ハブ&スポークシステムで強化される米国物流 その発明がもたらしたものとは
悔しさが生んだFedEx
自信満々の論文だったが、担当教授の評価は「C」と低いものだった。「何くそ」と奮起したスミスは、71年にウォルマートの本部があるアーカンソー州のリトルロックで運送業を起こす。ハブ&スポークシステムを駆使することで、荷物の翌朝配達を実現した。
故小倉昌男さんの著書『経営学』(日経BP社)では、ヤマト運輸の宅急便サービスもハブ&スポークシステムが土台になっていることが明かされている。
スミスの発明はノーベル賞ものの価値があった。けれども、本人以外は理解できなかったのである。
さて、スミスが起こした企業はその後どうなったのだろうか?運送会社の名前は、フェデラル・エクスプレス社(フェデックス/FedEx)。
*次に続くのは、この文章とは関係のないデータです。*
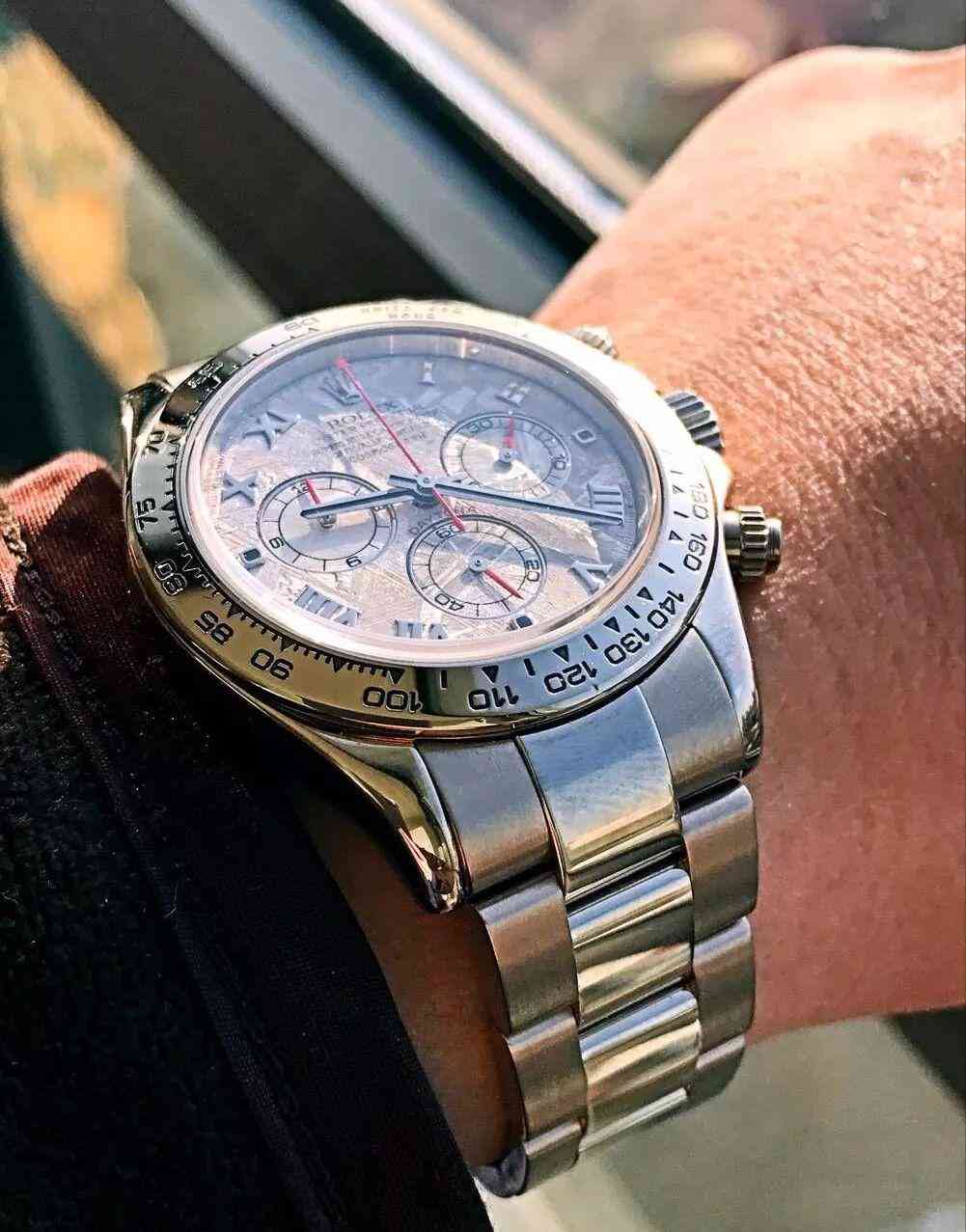 说起特殊盘面,陨石面是其一,劳力士使用的“ Gibeon”陨石是1838年(也有说法是1836年)在非洲纳米比亚沙漠被发现,猜测是8万年前坠落的陨石。至于现在受纳米比亚法律保护,这儿已经被禁止开采陨石。“Gibeon”本身体积庞大,价格昂贵,但现在就很少了。

世界最大の航空貨物郵送企業であり、220の国と地域を結び、航空機679機と18万台の貨物車を所有、チームメンバー数50万人超、1営業日当たり1700万個以上の貨物を扱うまでに成長を遂げた。
そして、起業意欲の火付け役となったスミスの論文は、テネシー州メンフィスに移った本社に「悔しさのバネ」の象徴として飾られている。